Indian film production company

Aurora Film Corporation is a film production company based in Kolkata, West Bengal, India, and primarily involved in producing Bengali films. Aurora has produced and distributed several landmark Bengali-language films including Satyajit Ray's Pather Panchali.

==Early years==
Anadi Nath Bose established the Aurora Film Company around 1906. The company at that time was a travelling cinema unit, and exhibited films, magic and drama shows in different parts of Bengal. The company made some short silent films, generally featuring female dancers and filmed with a hand-winding camera. It also started to produce newsreels and continued to import films from abroad.

In 1911, Anadi Nath Bose, cinematographer Debi Ghosh, and magician Charu Ghosh formed the Aurora Cinema Company, opening a studio and film-processing laboratory in North Kolkata. Anadi Nath Bose assumed sole management of the company in 1912. Anadi Nath Bose and Debi Ghosh began making more short features in 1916, notable among them Bisha Briksha, based on the novel of the same name by Bankimchandra Chattopadhyay. In 1917, the company received a contract from the British government to produce features for the entertainment of the armed forces. In 1919, Anadi Nath Bose began screening his films at the Manmohan Theatre in North Kolkata, and released the company's first feature-length film, Dasyu Ratnakar, in 1921, screening it at the Russa Theatre (today the Purna Cinema) in South Kolkata. In 1921 Anadi Nath Bose renamed his company Aurora Film Corporation.

==Later years==
In 1946, a fire in Aurora's studio in Kolkata destroyed most of its films. Founder Anadi Nath Bose died on 21 September the same year. His elder son Ajit Bose and youngest son Arun Bose and, later, grandson (Anjan Bose), took over the management.

Aurora's studio was located in Maniktala, Kolkata. This was housed inside a palatial building made by Banabehari Shaw facing a large lake. This property had been leased by Anadi Nath Bose from Banabehari Shaw.

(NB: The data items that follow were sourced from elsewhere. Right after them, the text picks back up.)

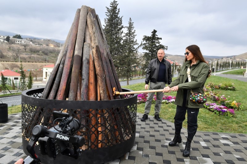 Sonra dövlətimizin başçısı Talış kəndində Novruz tonqalını alovlandırıb və Azərbaycan xalqını bayram münasibətilə təbrik edib.
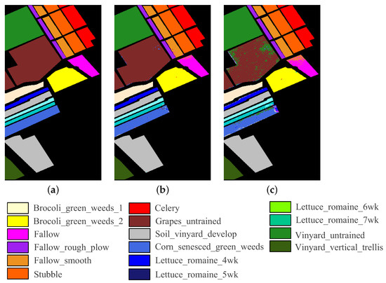 The Salinas dataset comprises data obtained by the AVIRIS sensor over the Salinas Valley in California, USA. The size of images in the Salinas dataset is 512 × 217 pixels with a spatial resolution of 3.7 m. A total of 204 bands were retained in the experiments after removing noisy and uncalibrated bands (108–112, 154–167, and 224). This dataset contains 16 identified classes.
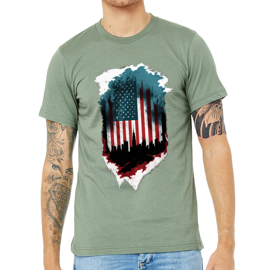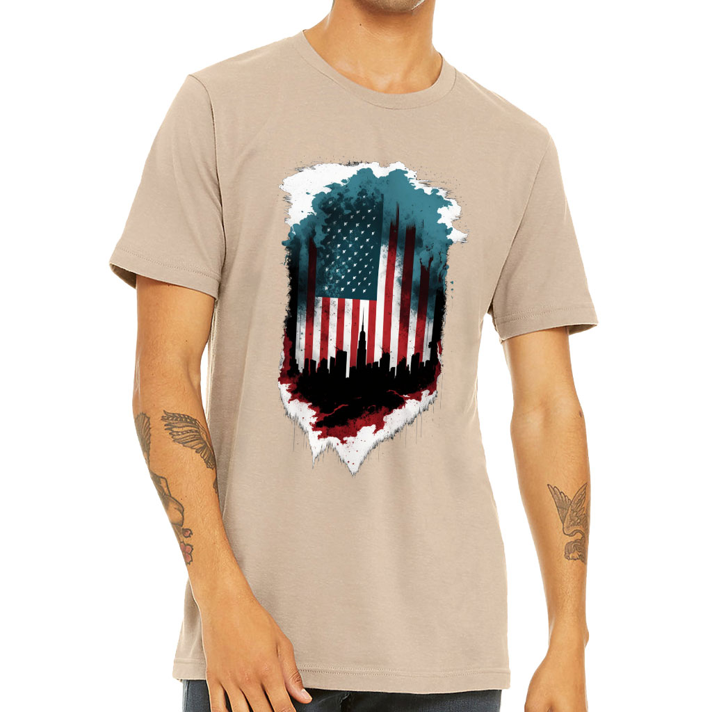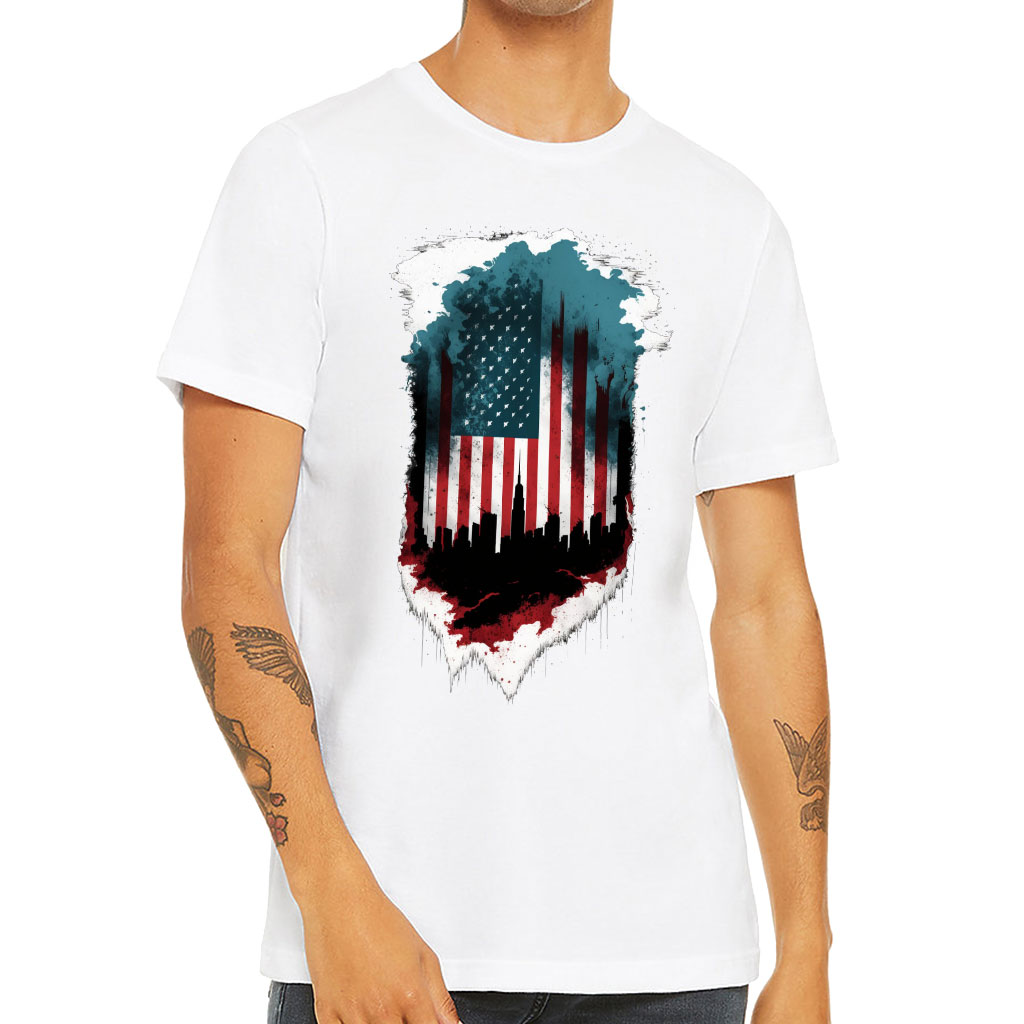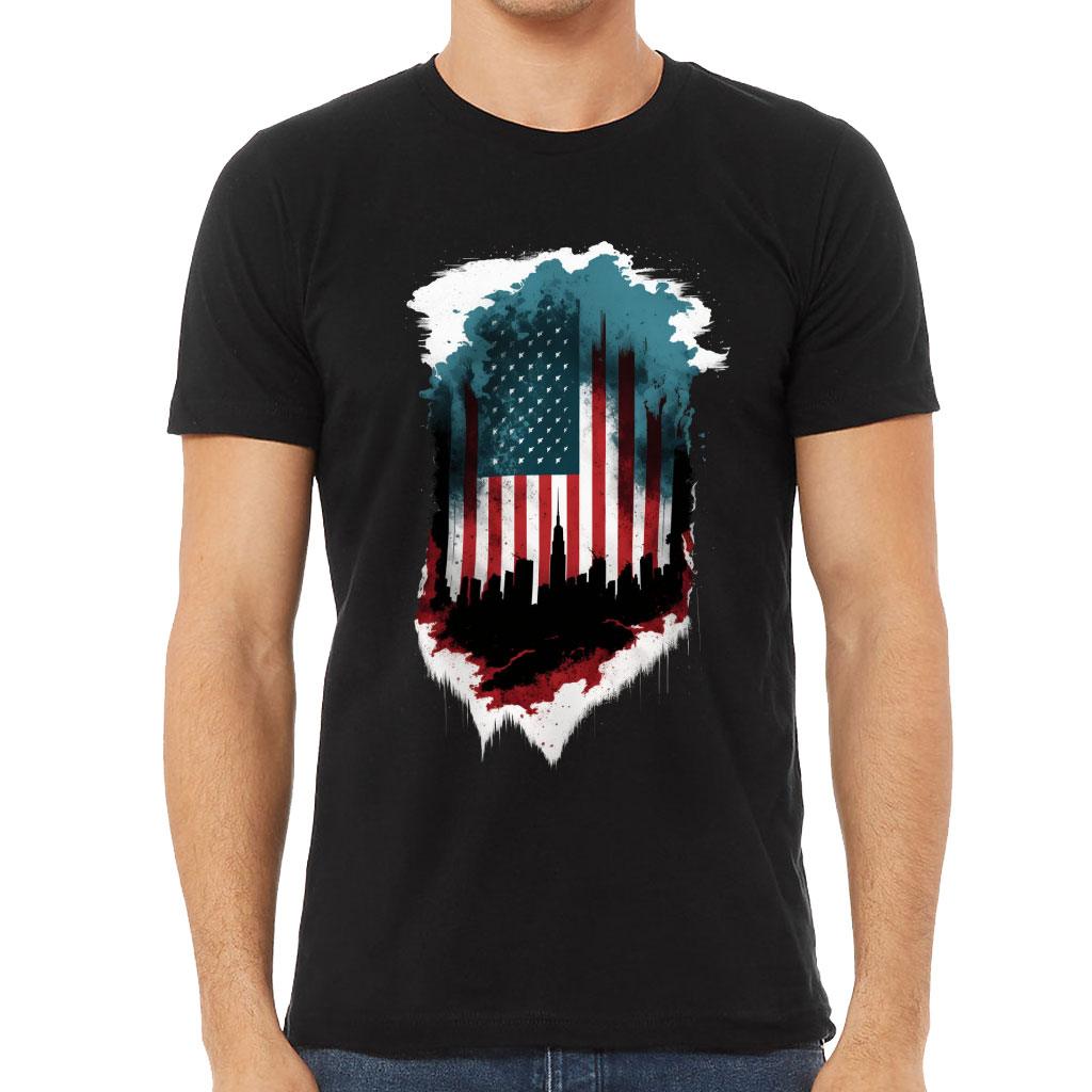 City Skyline Silhouette Short Sleeve T-Shirt – USA Flag T-Shirt – Cool Short Sleeve Tee

Unfortunately after the lease lapsed, the studio was demolished. The company currently maintains a studio in the Salt Lake neighbourhood of Kolkata, and a post-production facility in Tollygunj.

Aurora was involved in the distribution and/or production of several acclaimed films. The company bought Pramathesh Barua's production company (Barua Pictures), and produced two films starring Barua, Pujari and Niyoti. Aurora was the distributor for Satyajit Ray's debut film Pather Panchali (1955); it was the distributor for Ray's Parash Pathar (1958) and producer for Jalsaghar (1958). The company partially financed Aparajito (1956), the second instalment of Rays' Apu Trilogy. Noted film director Ritwik Ghatak made documentaries for the company.

Aurora became inactive in the feature film industry in the 1970s, although it continued to produce shorts and documentaries as of 2011. The last feature film Aurora produced was Duronto Joy in 1973, and the last one it distributed was Moyna Tadanta in 1982.

According to Anjan Bose, the current (2011) managing director, Aurora is "the only film producing house in India being run by a family for three generations".Kalkokkho which released in 2022.

==Notable firsts==
Aurora pioneered newsreels in India. These newsreels contain important video documents featuring personalities such as Rabindranath Tagore, Mahatma Gandhi, Subhas Chandra Bose, and events such as the celebration of the India's first Independence Day and the funeral of Rabindranath Tagore.

Aurora produced the first children's film of India, Hate Khari.

The company's Raja Rammohan (1965) was the first Bengali film to be declared tax-free (patrons did not have to pay entertainment tax). Bhagini Nivedita (1962) was the first Bengali film to be shot in England.